1. Represent √𝟖, √𝟏𝟎 and √𝟏𝟑 on the number line.
Solution:
Representation of √8:
Let O be the origin on the line l. Let A be on the line such that OA = 2. Draw AP perpendicular to OA at A such that AP = 2.
In Δ AOP, by Pythagoras’ theorem, we have, OP² = AP² + OA²
OP² = 2² + 2² = 4 + 4
OP² = 8
OP = √8
Hence OP = √8. With O as centre and OP as radius, cut l at C. Then OC = OP = √8. Thus C represnts √8 on the line l.
Therefore, OC represents √8.
Representation of √10:
Let O be the origin on the line l. Let A be on the line such that OA = 1. Draw AP perpendicular to OA at A such that AP = 3.
In Δ AOP, by Pythagoras’ theorem, we have, OP² = AP² + OA²
OP² = 3² + 1² = 9 + 1 = 10
OP² = 10
OP = √10
Hence OP = √10. With O as centre and OP as radius, cut l at C. Then OC = OP = √10. Thus C represnts √10 on the line l.
Therefore, OC represents √10.
Representation of √13:
Let O be the origin on the line l. Let A be on the line such that OA = 3. Draw AP perpendicular to OA at A such that AP = 2.

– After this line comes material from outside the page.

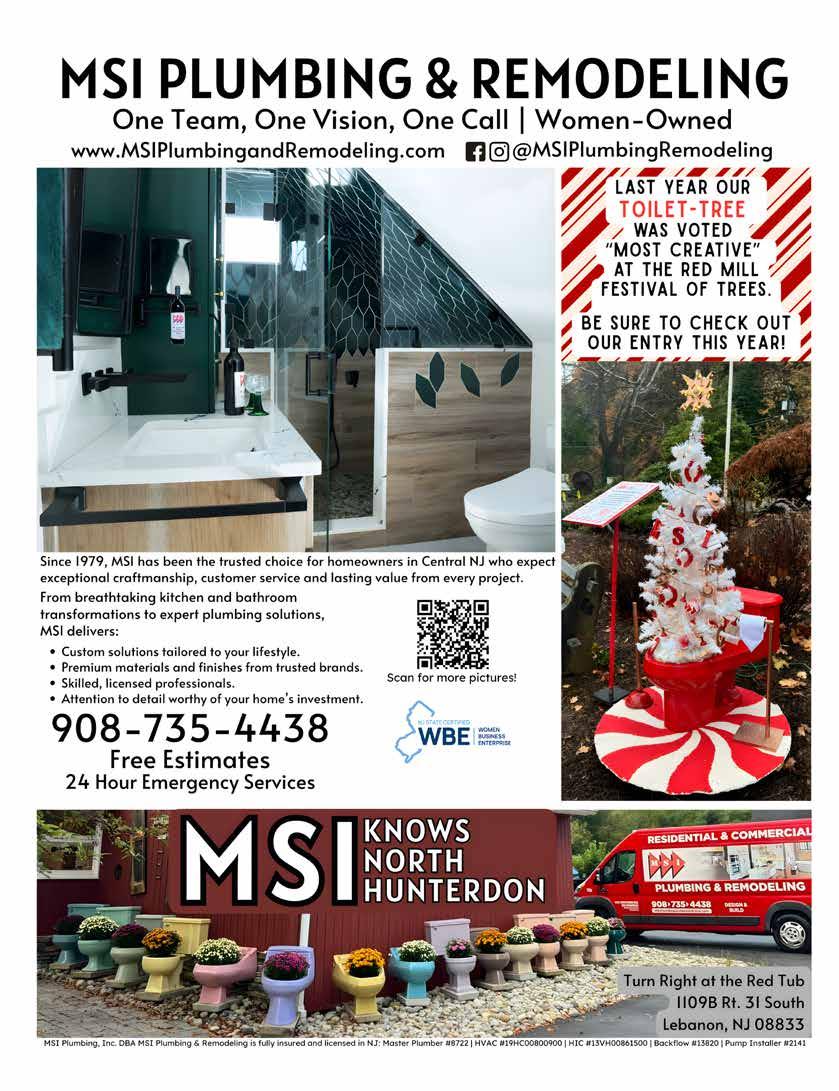 For over 25 years MSI Plumbing & Remodeling has long roots in Hunterdon County. Founded by Les Giese and Anne Thornton, the company grew from property management into a full-service shop. Their daughter, Audra Giese, grew up in the business, returned in 2018 and became president in 2021. Remodeling Manager Brad Howell started as a summer helper 35 years ago, became a partner in 2004 and now oversees projects with an eye for detail. Plumbing Manager Rich DeTorres, a licensed master plumber since 1991, keeps the service side running smoothly.

In Δ AOP, by Pythagoras’ theorem, we have, OP² = AP² + OA²
OP² = 2² + 3² = 4 + 9 = 13
OP² = 13
OP = √13
Hence OP = √13. With O as centre and OP as radius, cut l at C. Then OC = OP = √13. Thus C represnts √13 on the line l.
Therefore, OC represents √13.
2. Represent 1 +√5, 2 + 2√3 on the number line.
Solution:
Representation of 1 + √5
Let O be apoint on the number line l and A be the origin on the line l. Let OA = 1 and B be another point on the number line such that AB = 1 on the number line l. Draw BC perpendicular to AB at B such that BC = 2.

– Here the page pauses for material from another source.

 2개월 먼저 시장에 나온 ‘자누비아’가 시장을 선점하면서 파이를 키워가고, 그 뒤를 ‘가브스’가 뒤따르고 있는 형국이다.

In Δ ABC, by Pythagoras’ theorem, we have, AC² = AB² + BC²
AC² = 1² + 2² = 1 + 4 = 5
AC² = 5
AC = √5
Hence AC = √5. With A as centre and AC as radius, cut l at D. Then AC = AD = √5. Thus D represnts √5 on the line l. Since OA = 1. Thus OD = OA + AD = 1 + √5
Therefore, OD represents 1 + √5 on the number line l.
Representation of 2 + 2√3
Let O be apoint on the number line l and A be the origin on the line l. Let OA = 2 and B be another point on the number line such that AB = √6 on the number line l. Draw BC perpendicular to AB at B such that BC = √6.
In Δ ABC, by Pythagoras’ theorem, we have, AC² = AB² + BC²
AC² = (√6)² + (√6)² = 6 + 6 = 12
AC² = 12
AC = √(12) = √(4×3) = 2√3
Hence AC = 2√3. With A as centre and AC as radius, cut l at D. Then AC = AD = 2√3. Thus D represnts 2√3 on the line l. Since OA = 2. Thus OD = OA + AD = 2 + 2√3
Therefore, OD represents 2 + 2√3 on the number line l.